The Delhi Bench of the Income Tax Appellate Tribunal ruled that the Long term Capital Gain ( LTCG ) of Mauritius Company on the sale of shares of an Indian investment made before the 1st April 2024 is not taxable in India.

The assessee Superb Mind Holdings, a company in Mauritius, invested in an Indian company called Pearl Retail Solutions Pvt. Ltd. in 2011 and 2012. The assessee decided to sell their 69,999 shares to LEI Singapore Holdings Pte. Ltd. for a sum of Rs. 40,02,37,407. As per the Income Tax Act, 1961 under section 195, LEI Singapore Holdings Pte. Ltd. deducted tax at source, withholding 10.92%  of the transaction amount.

The Assessee approached the revenue department to claim the refund of TDS deducted under Article 13(4) of the India-Mauritius DTAA. The assessing officer rejected the claim. The assessee appealed before the ITAT, New Delhi.

The assessee's counsel argued that the assessee is a registered company in Mauritius with a valid Tax Residency Certificate ( TRC ). They invested in an Indian Company called Pearl Retail Solutions Pvt Ltd in 2011 and 2012, before 01.07.2017. The counsel relied on the assessee's previous case in the A.Y. 2018-19, the facts are similar and the Bombay High Court allowed the deduction. The assessee’s counsel submitted a copy of the Judgment.

The respondent’s counsel, Vijay B Vasanta argued that a similar matter was pending before the Supreme Court filed by the Department in the case of Blacks Stone Capital Partners (Singapore) VI FDI Three Pte. Ltd. so this issue requires careful consideration.

The ITAT bench observed that the assessee had claimed an exemption on long-term capital gains from the sale of shares, citing Article 13(4) of the India-Mauritius DTAA. LEI Singapore Holdings Pte. Ltd. had deducted tax at source on the payments made to the assessee. Currently, the assessee is seeking a refund of the withholding tax deducted on this transaction.

The two-member bench of Vikas Awasthy (Judicial Member) & Naveen Chandra (Accountant Member) observed both sides arguments. The Tribunal observed that the factual matrix of this case and the A.Y 2018-19 case were similar and this fact is not disputed.

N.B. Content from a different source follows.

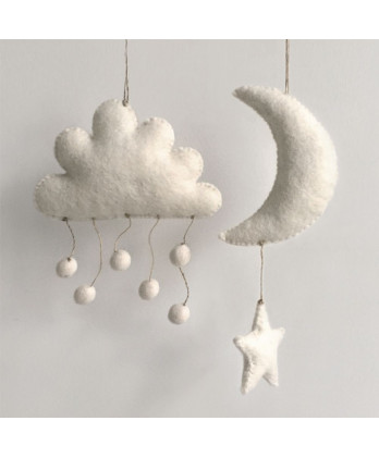 Κρεμαστό Στολίδι Φεγγάρι Και Αστέρι Λευκό Φέλτ 25,5εκ

The Tribunal observed that the Bombay High Court allowed the deduction after considering multiple factors such as the press release issued by the Finance Ministry's clarification on TRC in Circular of CBDT No.789/2000, a press release of CBDT on the Protocol of amendment of the convention for the avoidance of double taxation and various Supreme Court Judgments such as Vodafone International Holdings and Azadi Bachao Aandolan cases which reinforced these exemptions. 

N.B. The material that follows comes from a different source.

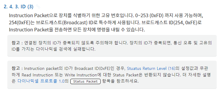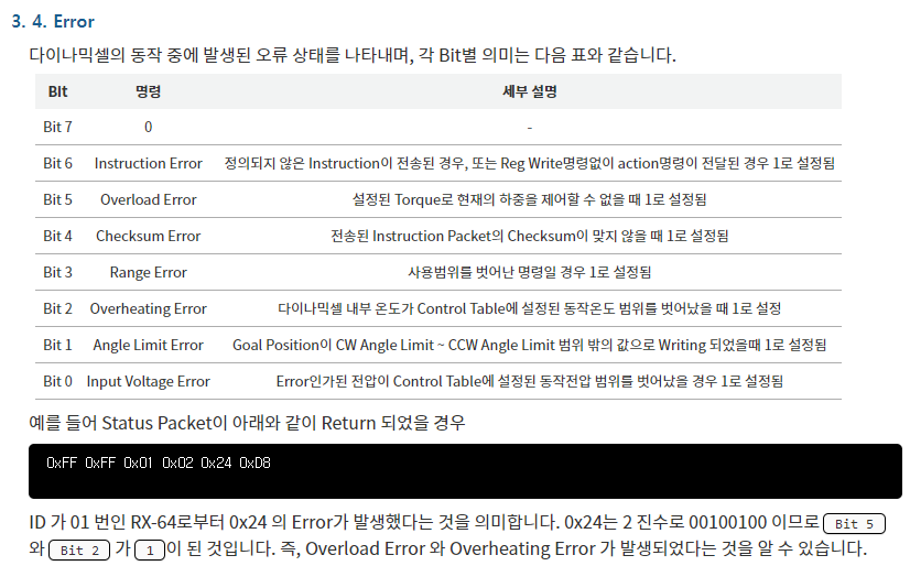 프로토콜 매뉴얼 : https://emanual.robotis.com/docs/kr/dxl/protocol1/#status-packetreturn-packet

The Income Tax Tribunal noted that the Bombay High Court, referencing a press release dated 29.08.2016 issued by the Central Board of Direct Taxes ( CBDT ) following the amendment to the Mauritius DTAA effective from 01.04.2017, upheld the grandfathering of capital gains exemption under the erstwhile Mauritius DTAA.

Further, the bench added that the Bombay High Court ruled that the protocol mandates source-based taxation of capital gains arising from the alienation of shares acquired on or after 01.04.2017 in a company resident in India for FY 2017-18. Consequently, the court determined that investments made before 01.04.2017 are grandfathered and not subject to capital gains taxation in India. The situation in the present case before us is similar.

Therefore, the  ITAT ruled in favor of the assessee and allowed the claimed tax exemption.